• Exercise data
- - -

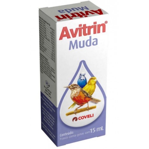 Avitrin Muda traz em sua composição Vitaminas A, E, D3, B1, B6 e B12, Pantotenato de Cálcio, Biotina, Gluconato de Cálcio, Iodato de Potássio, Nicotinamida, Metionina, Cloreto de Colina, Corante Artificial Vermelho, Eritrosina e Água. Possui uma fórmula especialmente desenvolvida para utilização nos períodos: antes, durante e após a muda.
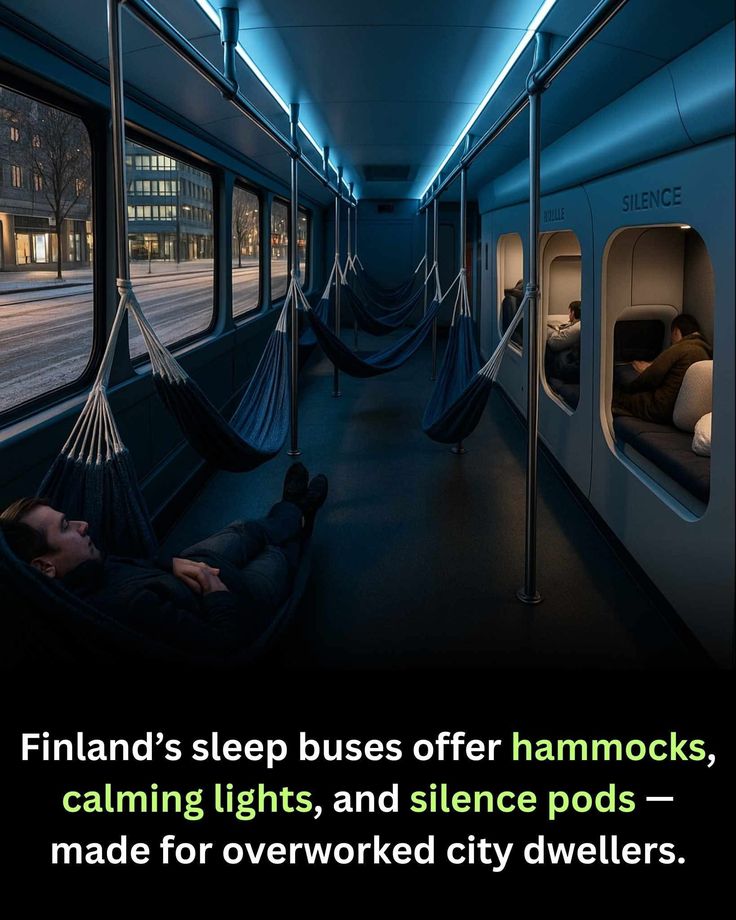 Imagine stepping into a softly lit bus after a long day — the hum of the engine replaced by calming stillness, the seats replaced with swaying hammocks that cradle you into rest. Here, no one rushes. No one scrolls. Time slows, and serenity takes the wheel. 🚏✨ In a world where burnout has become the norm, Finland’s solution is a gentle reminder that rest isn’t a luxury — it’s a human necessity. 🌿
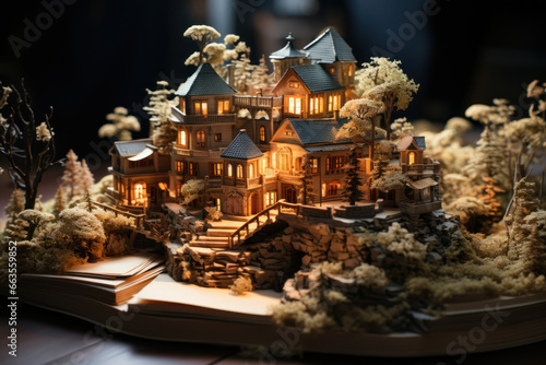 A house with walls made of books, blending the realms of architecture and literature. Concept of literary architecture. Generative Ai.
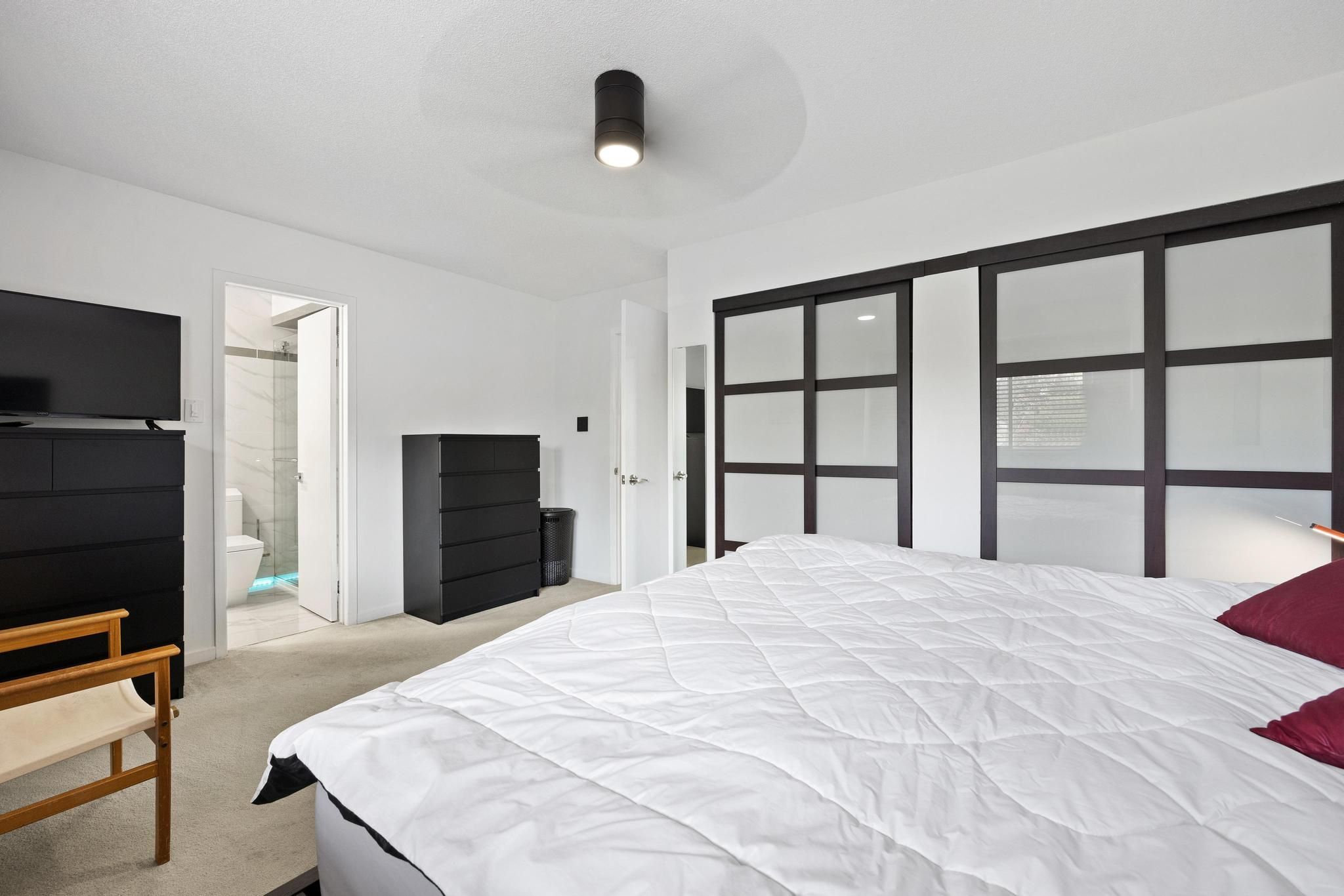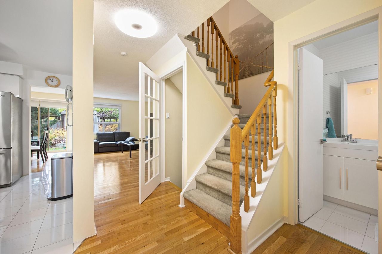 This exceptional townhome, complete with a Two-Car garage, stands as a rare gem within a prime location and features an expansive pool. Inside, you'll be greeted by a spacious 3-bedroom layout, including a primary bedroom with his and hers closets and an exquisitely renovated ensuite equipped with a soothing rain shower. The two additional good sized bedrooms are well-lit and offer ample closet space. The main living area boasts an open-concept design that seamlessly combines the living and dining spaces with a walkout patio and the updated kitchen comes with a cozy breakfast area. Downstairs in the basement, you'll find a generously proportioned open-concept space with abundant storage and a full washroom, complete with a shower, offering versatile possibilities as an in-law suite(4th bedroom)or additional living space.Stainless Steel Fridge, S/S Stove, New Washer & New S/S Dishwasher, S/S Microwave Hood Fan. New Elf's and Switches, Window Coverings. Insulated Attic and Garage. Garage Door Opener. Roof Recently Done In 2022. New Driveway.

- - -

• Task to carry out
Every line above should be returned word for word, with the pictures left behind.

• Exercise answer
 Avitrin Muda traz em sua composição Vitaminas A, E, D3, B1, B6 e B12, Pantotenato de Cálcio, Biotina, Gluconato de Cálcio, Iodato de Potássio, Nicotinamida, Metionina, Cloreto de Colina, Corante Artificial Vermelho, Eritrosina e Água. Possui uma fórmula especialmente desenvolvida para utilização nos períodos: antes, durante e após a muda.
 Imagine stepping into a softly lit bus after a long day — the hum of the engine replaced by calming stillness, the seats replaced with swaying hammocks that cradle you into rest. Here, no one rushes. No one scrolls. Time slows, and serenity takes the wheel. 🚏✨ In a world where burnout has become the norm, Finland’s solution is a gentle reminder that rest isn’t a luxury — it’s a human necessity. 🌿
 A house with walls made of books, blending the realms of architecture and literature. Concept of literary architecture. Generative Ai.
 This exceptional townhome, complete with a Two-Car garage, stands as a rare gem within a prime location and features an expansive pool. Inside, you'll be greeted by a spacious 3-bedroom layout, including a primary bedroom with his and hers closets and an exquisitely renovated ensuite equipped with a soothing rain shower. The two additional good sized bedrooms are well-lit and offer ample closet space. The main living area boasts an open-concept design that seamlessly combines the living and dining spaces with a walkout patio and the updated kitchen comes with a cozy breakfast area. Downstairs in the basement, you'll find a generously proportioned open-concept space with abundant storage and a full washroom, complete with a shower, offering versatile possibilities as an in-law suite(4th bedroom)or additional living space.Stainless Steel Fridge, S/S Stove, New Washer & New S/S Dishwasher, S/S Microwave Hood Fan. New Elf's and Switches, Window Coverings. Insulated Attic and Garage. Garage Door Opener. Roof Recently Done In 2022. New Driveway.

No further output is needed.